Though he tried not to imagine what Sam’s attitude would be, he could not stop imagining how carefree and apathetic Sam was going to be to his crumbling marriage. Probably he was not going to meet him at home. Probably they would have divorced and Sam would have relocated without a curtsey notice put across to his long-standing best friend.

Immediately he entered through the gate, he had started to hear distant voices, resonating shouts. He could hardly discern if it was of joy or of the otherwise. He was getting closer to Sam’s and his wife’s apartment which was a three bedroom flat when the voices became more concrete and audible. It became apparent that it was a clamour of the otherwise.

He could hear Sam’s voice. His voice was monstrous, thickly woven with outright hatefulness. It was the exact reverse of the voice he used when he told him of his trophies and medals with women. The other voice was his wife’s. The music in her voice seemed to have been sapped as she wailed painfully at some audible thudding of what sounded like lashes.

Instead of knocking on the door, Teju navigated to the window of the sitting room. The curtain was yanked aside.

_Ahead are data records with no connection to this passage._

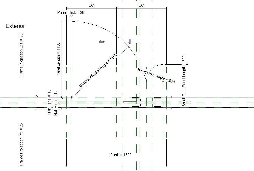 250(W) x 2100(H) 1 AND A HALF LEAF FLUSH DOOR WITH VIEWING PANEL.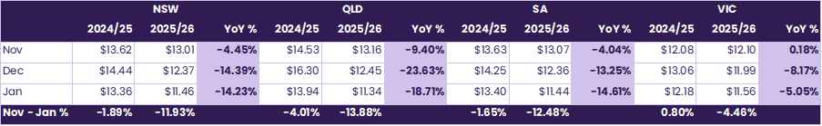 NSW gas prices averaged $11.45/GJ in January, down 14.2% year-on-year. While November pricing was relatively stable, softer outcomes in December and January drove an overall 11.9% decline across the Nov–Jan period.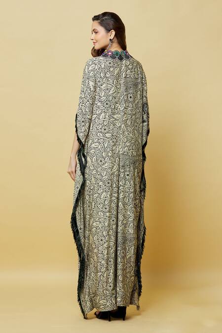 Embroidered neckline with mirror and scallop details, Tassel border along the edges, Floral print throughout the fabric

He saw Sam pounding his wife with punches and with the lashes of his heavy leather belt in succession. His wife was fighting violently both against the blows and the pain that accompanied them. It was such a grotesque sight. Teju was aghast. His inner-man was mortified.

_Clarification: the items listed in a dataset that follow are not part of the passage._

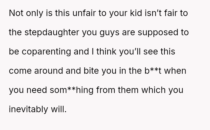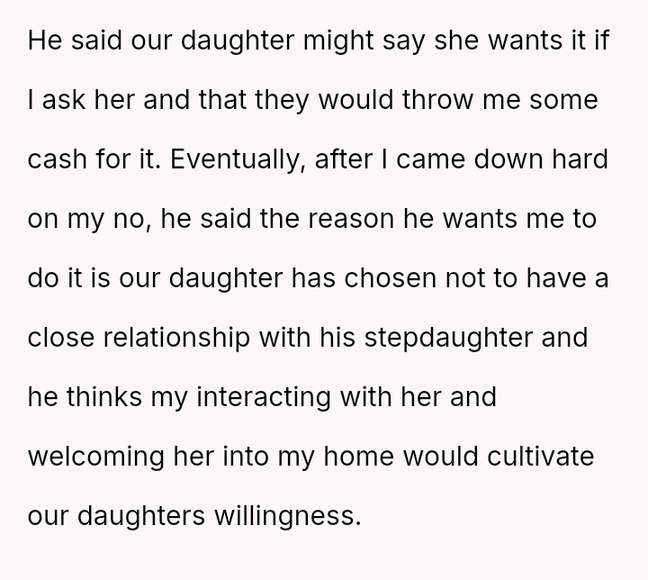 The central conflict stems from the ex-husband's expectation that the OP should actively participate in managing his blended family obligations, which conflicts directly with the OP's es**blished position that she is not responsible for cultivating her daughter's relationship with the stepdaughter.
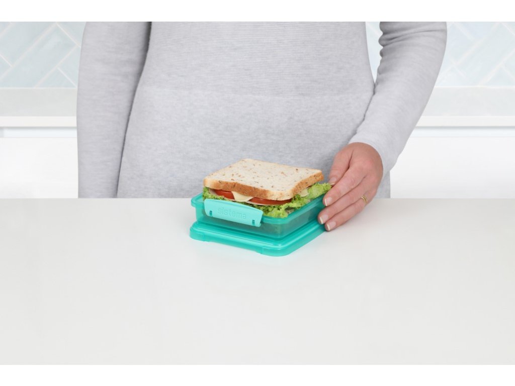 Thanks to its innovative design with modular stackable shape, easy-to-close clips and elastic seal, this box allows you to keep your sandwich fresh and protected until consumption. Benefits: • Ideal for children • Modular stackable shape • Easy to lock: Sistema® clip and elastic sealAdditional parameters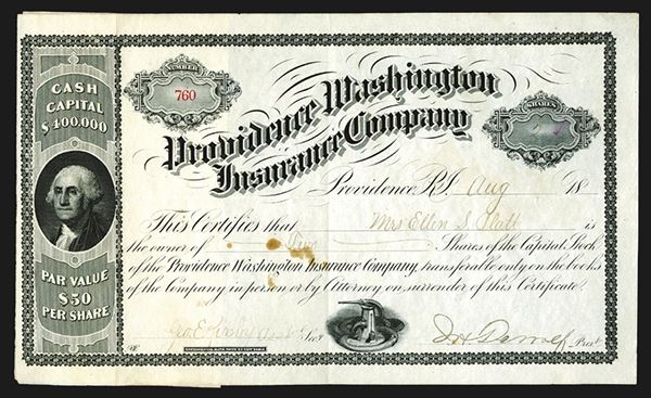 Providence, Rhode Island. 2 shares, George Washington, left, fire hydrant and hose, bottom, VF, age spots.

Sam was a dog and a beast, Teju thought. He quickly took away his eyes from the scene. Though he felt a big urge to dash into the house with a cudgel and yank it down heavily on Sam’s head, knocking him out of his bestial consciousness into a lesson-teaching coma, he hesitated, quite indecisive. His feet shivered as he felt his knees wobbling like a leaf on troubled water, and his hands heavy like pig iron. The burden of his own problem had weighed his hands down so that he could not use them to save other people. He could not wait to witness more of his friend's unjustified brutality, even though he did not know how Sam had been provoked by his wife.

The agony-filled wailing of Sam’s wife echoed with her helplessness. She needed to be salvaged. But somehow to Teju, the odious grunting of Sam and the soprano shrieking of his wife suddenly became indigestible. When their neighbours paid no attention to them, why should he? It was a mistake to think Sam had something good to offer in the first place.

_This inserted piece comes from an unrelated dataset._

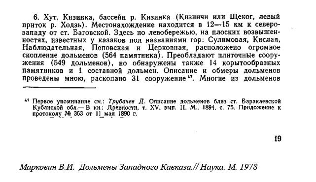 134*1. Кривобоков Л. Богатырские хатки(дольмены) // Труды Ставропольской ученой архивной комиссии, вып.1, Ставрополь, 1911

He darted out of the compound as though he had stolen something and was so anxious about escaping before anyone took the sight of him. And as he walked home that night, carrying twice the burden he had took away from home, he thought of how cold he had become. He considered how unfeeling he had turned. Possibly, it could be inhuman to have looked away from Sam’s wife, even when he was the last hope for her to be saved from her beasty husband who, ironically, was his long-standing best friend.